Usually a muted or soloed track, a clip muted individually in the Inspector, or a mismatch between your project's audio sample rate and the rate your audio interface is set to. Check the track header Mute and Solo buttons first, since they're the fastest thing to leave on by accident.
Why is there no sound in Resolve even though I can see a waveform on the clip?
A visible waveform only proves the clip has an audio stream, not that anything is routing it to your speakers. Check Preferences, then System, then Video and Audio I/O, and confirm the I/O Engine and output device match the hardware you're actually listening on.
Why does my exported DaVinci Resolve video have no audio?
Two separate settings control this, and either one alone produces a silent export. Confirm any Mute or Solo you used to isolate a track while editing is switched back off, since Resolve disables that track for delivery too, then confirm Export Audio is checked in the Deliver page's audio tab.

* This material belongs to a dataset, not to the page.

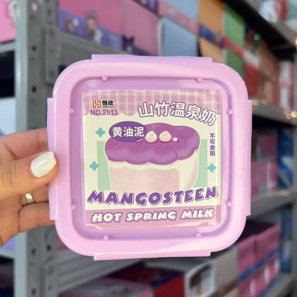 Slime con textura tipo crema en pote cuadrado con tapa hermetica. Suave y estirable, ideal para jugar, relajarse y liberar estres. Disponible en colores surtidos, se conserva perfectamente gracias a su envase plastico reutilizable.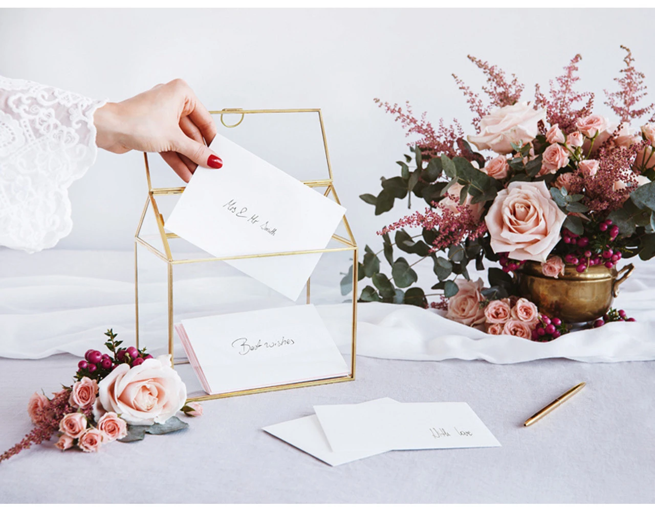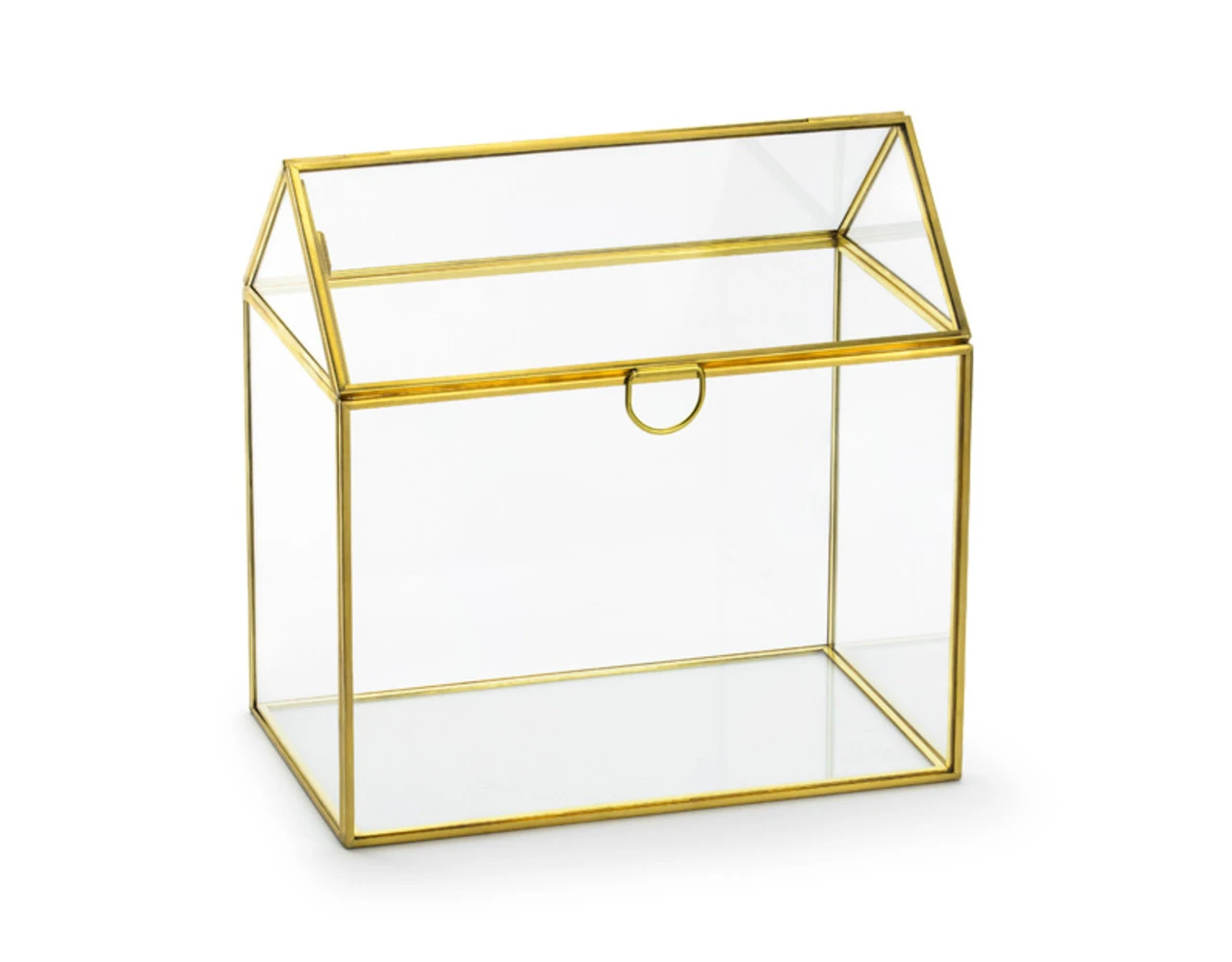 Glazen cadeaukaarthouder in de vorm van een huis met goudkleurige metalen randen, afmeting ca. 13x21x21 cm.

How do I fix a sample rate mismatch causing no sound in DaVinci Resolve?
Open Project Settings, then Fairlight, and check the Timeline Sample Rate. Then open Preferences, System, Video and Audio I/O, and set your output device to that same rate. Fairlight converts mixed-rate source clips automatically, but the timeline's own output rate still has to match what your speakers or interface expect.
Why did DaVinci Resolve stop playing audio after I switched headphones or speakers?
Resolve doesn't always follow your operating system when you plug in a new device. Reopen Preferences, System, Video and Audio I/O, and manually reselect the correct output device, since Resolve can keep pointing at whatever was selected the last time it launched.
Is DaVinci Resolve's audio problem a bug I should report?
Rarely. It's almost always a setting, not a bug. Work through the Mute, Inspector, I/O Engine, and sample rate checks below before assuming the app itself is broken.